Records from a data collection
......

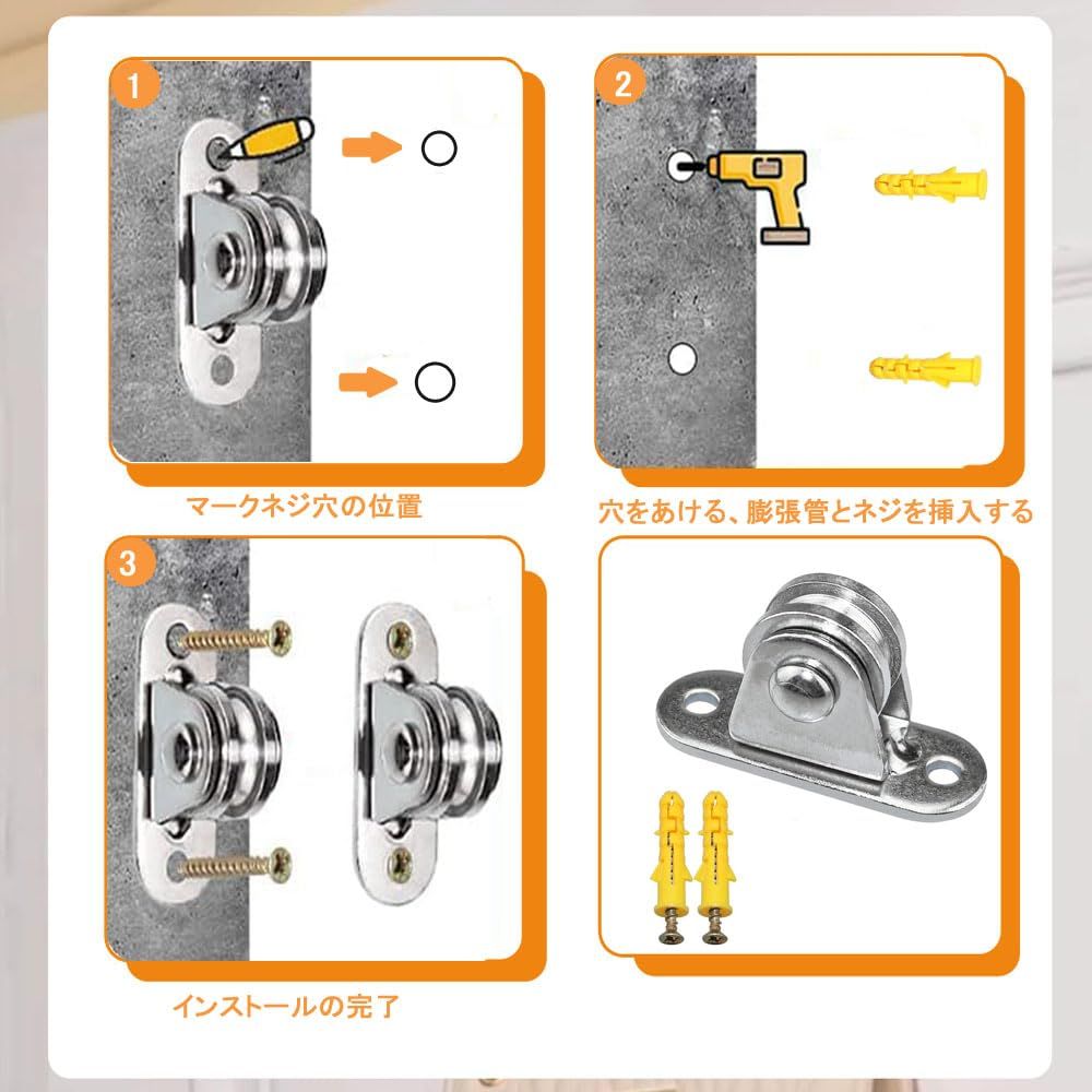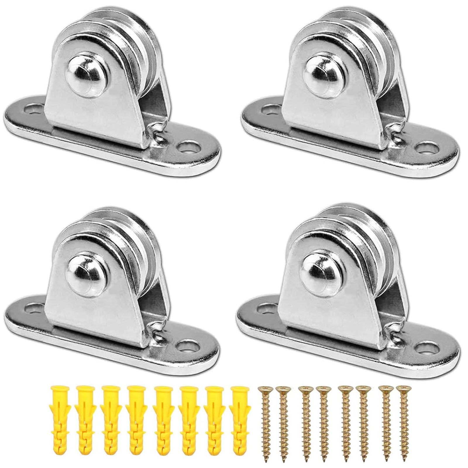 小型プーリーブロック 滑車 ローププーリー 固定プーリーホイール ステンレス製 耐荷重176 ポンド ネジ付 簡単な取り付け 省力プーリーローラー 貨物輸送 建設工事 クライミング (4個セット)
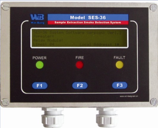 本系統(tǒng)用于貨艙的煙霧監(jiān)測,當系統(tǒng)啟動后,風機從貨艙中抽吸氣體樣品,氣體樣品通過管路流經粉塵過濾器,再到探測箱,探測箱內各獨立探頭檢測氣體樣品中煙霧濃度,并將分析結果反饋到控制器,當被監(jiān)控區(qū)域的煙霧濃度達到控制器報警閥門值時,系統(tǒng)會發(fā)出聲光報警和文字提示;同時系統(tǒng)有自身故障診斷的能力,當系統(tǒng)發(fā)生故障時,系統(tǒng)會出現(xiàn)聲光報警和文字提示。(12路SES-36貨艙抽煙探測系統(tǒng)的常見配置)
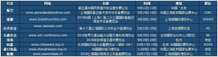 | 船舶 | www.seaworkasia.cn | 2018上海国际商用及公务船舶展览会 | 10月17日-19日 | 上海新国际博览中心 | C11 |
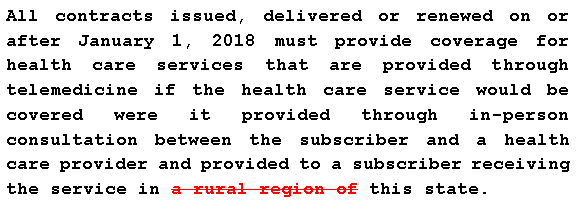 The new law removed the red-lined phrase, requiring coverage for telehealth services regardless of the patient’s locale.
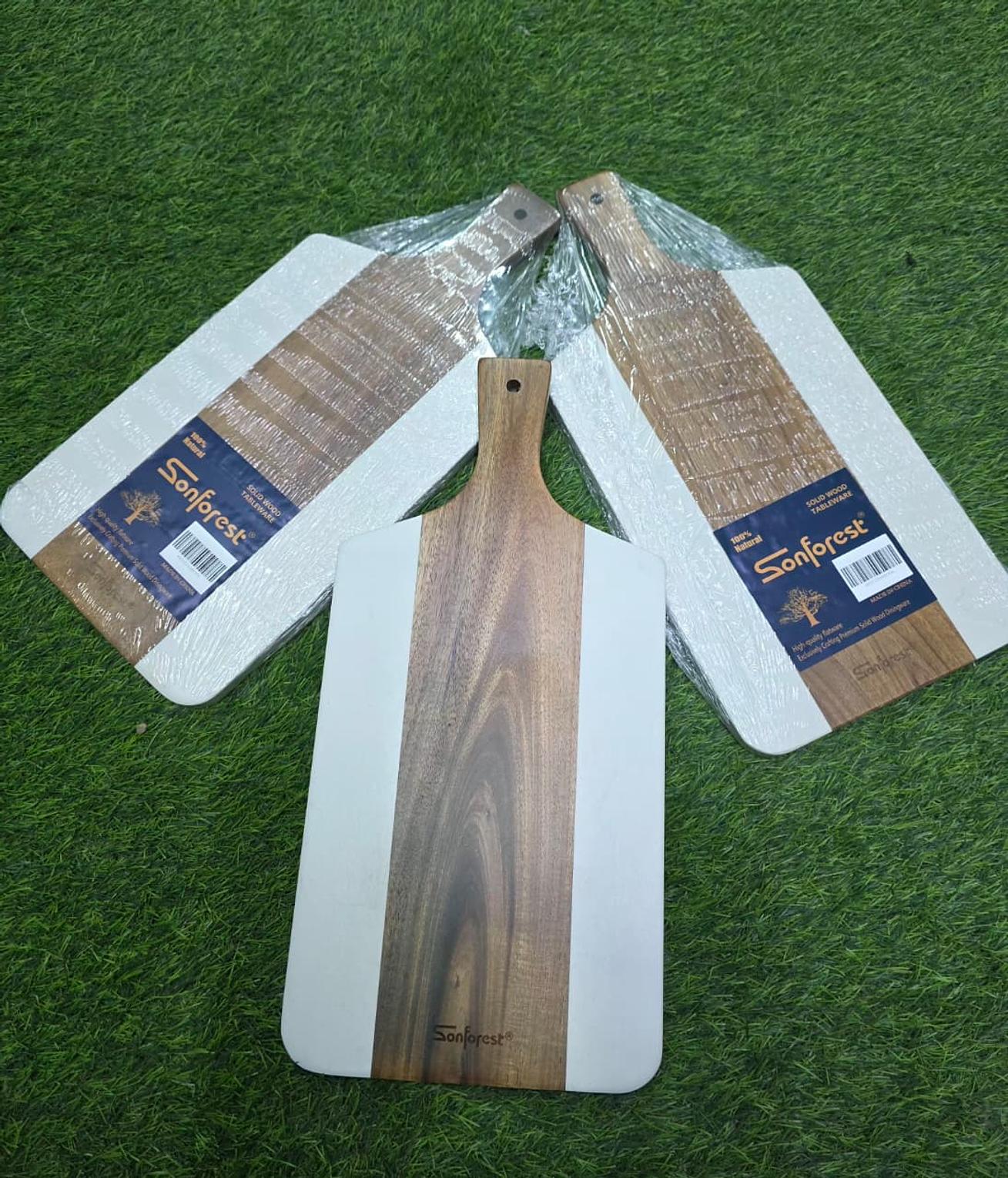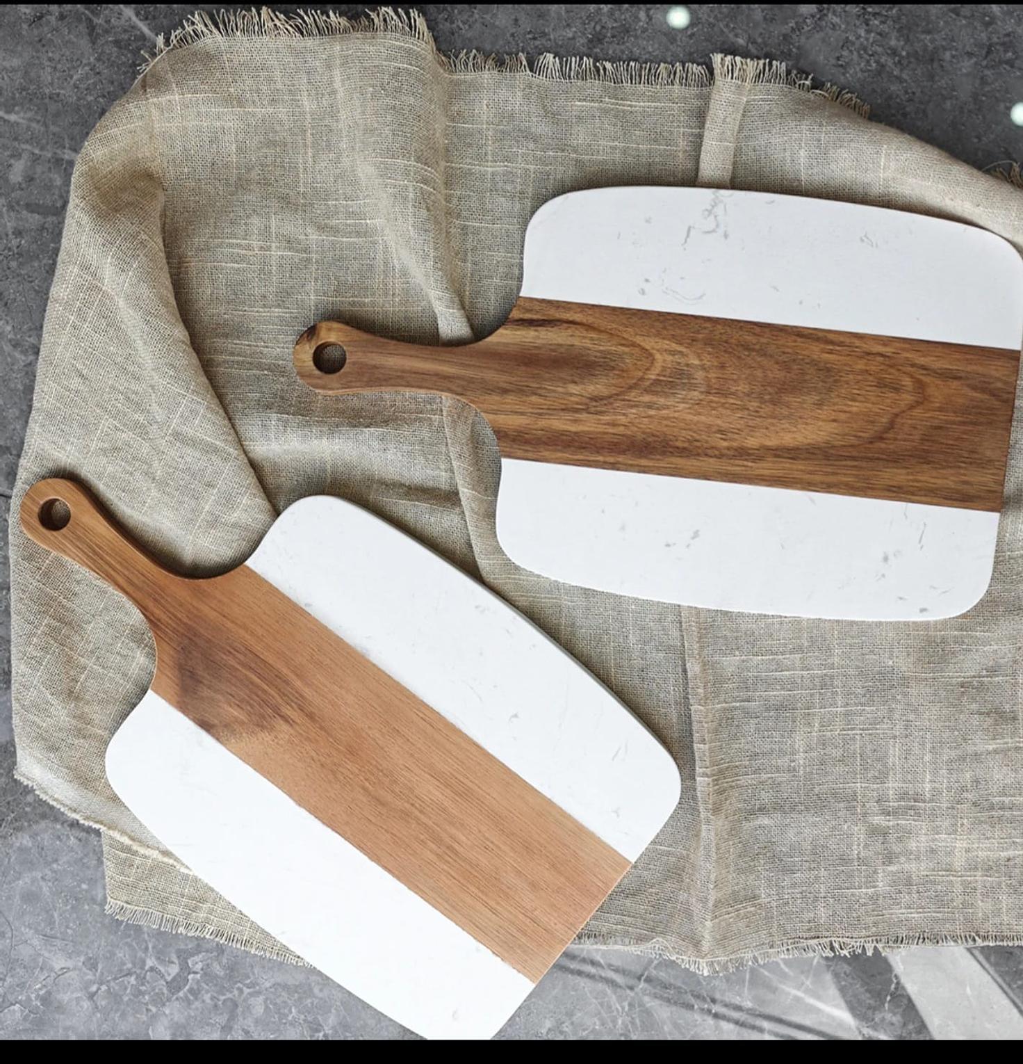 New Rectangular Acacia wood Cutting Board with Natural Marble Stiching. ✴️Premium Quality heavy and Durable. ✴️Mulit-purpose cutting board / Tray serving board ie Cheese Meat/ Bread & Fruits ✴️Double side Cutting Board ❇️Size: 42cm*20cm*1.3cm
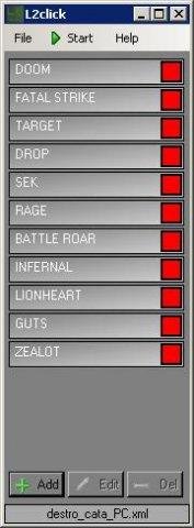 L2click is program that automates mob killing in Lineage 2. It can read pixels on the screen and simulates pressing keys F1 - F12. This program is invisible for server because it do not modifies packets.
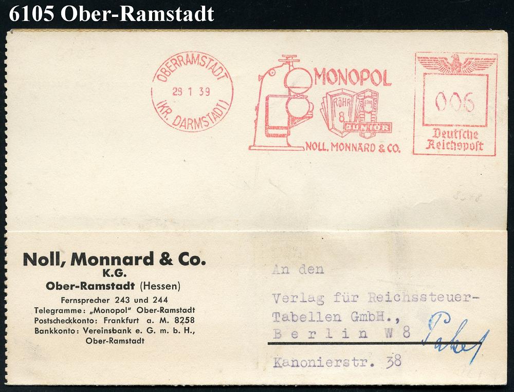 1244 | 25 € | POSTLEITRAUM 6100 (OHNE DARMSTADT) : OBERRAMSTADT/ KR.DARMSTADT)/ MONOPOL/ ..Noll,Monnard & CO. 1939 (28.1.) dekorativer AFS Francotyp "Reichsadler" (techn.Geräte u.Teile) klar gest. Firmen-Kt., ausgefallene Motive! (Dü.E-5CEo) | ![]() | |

......

Leave the pictures behind and transcribe every record above exactly.

> [Output for this task]:
 小型プーリーブロック 滑車 ローププーリー 固定プーリーホイール ステンレス製 耐荷重176 ポンド ネジ付 簡単な取り付け 省力プーリーローラー 貨物輸送 建設工事 クライミング (4個セット)
 本系統(tǒng)用于貨艙的煙霧監(jiān)測,當系統(tǒng)啟動后,風機從貨艙中抽吸氣體樣品,氣體樣品通過管路流經粉塵過濾器,再到探測箱,探測箱內各獨立探頭檢測氣體樣品中煙霧濃度,并將分析結果反饋到控制器,當被監(jiān)控區(qū)域的煙霧濃度達到控制器報警閥門值時,系統(tǒng)會發(fā)出聲光報警和文字提示;同時系統(tǒng)有自身故障診斷的能力,當系統(tǒng)發(fā)生故障時,系統(tǒng)會出現(xiàn)聲光報警和文字提示。(12路SES-36貨艙抽煙探測系統(tǒng)的常見配置)
 | 船舶 | www.seaworkasia.cn | 2018上海国际商用及公务船舶展览会 | 10月17日-19日 | 上海新国际博览中心 | C11 |
 The new law removed the red-lined phrase, requiring coverage for telehealth services regardless of the patient’s locale.
 New Rectangular Acacia wood Cutting Board with Natural Marble Stiching. ✴️Premium Quality heavy and Durable. ✴️Mulit-purpose cutting board / Tray serving board ie Cheese Meat/ Bread & Fruits ✴️Double side Cutting Board ❇️Size: 42cm*20cm*1.3cm
 L2click is program that automates mob killing in Lineage 2. It can read pixels on the screen and simulates pressing keys F1 - F12. This program is invisible for server because it do not modifies packets.
 1244 | 25 € | POSTLEITRAUM 6100 (OHNE DARMSTADT) : OBERRAMSTADT/ KR.DARMSTADT)/ MONOPOL/ ..Noll,Monnard & CO. 1939 (28.1.) dekorativer AFS Francotyp "Reichsadler" (techn.Geräte u.Teile) klar gest. Firmen-Kt., ausgefallene Motive! (Dü.E-5CEo) | ![]() | |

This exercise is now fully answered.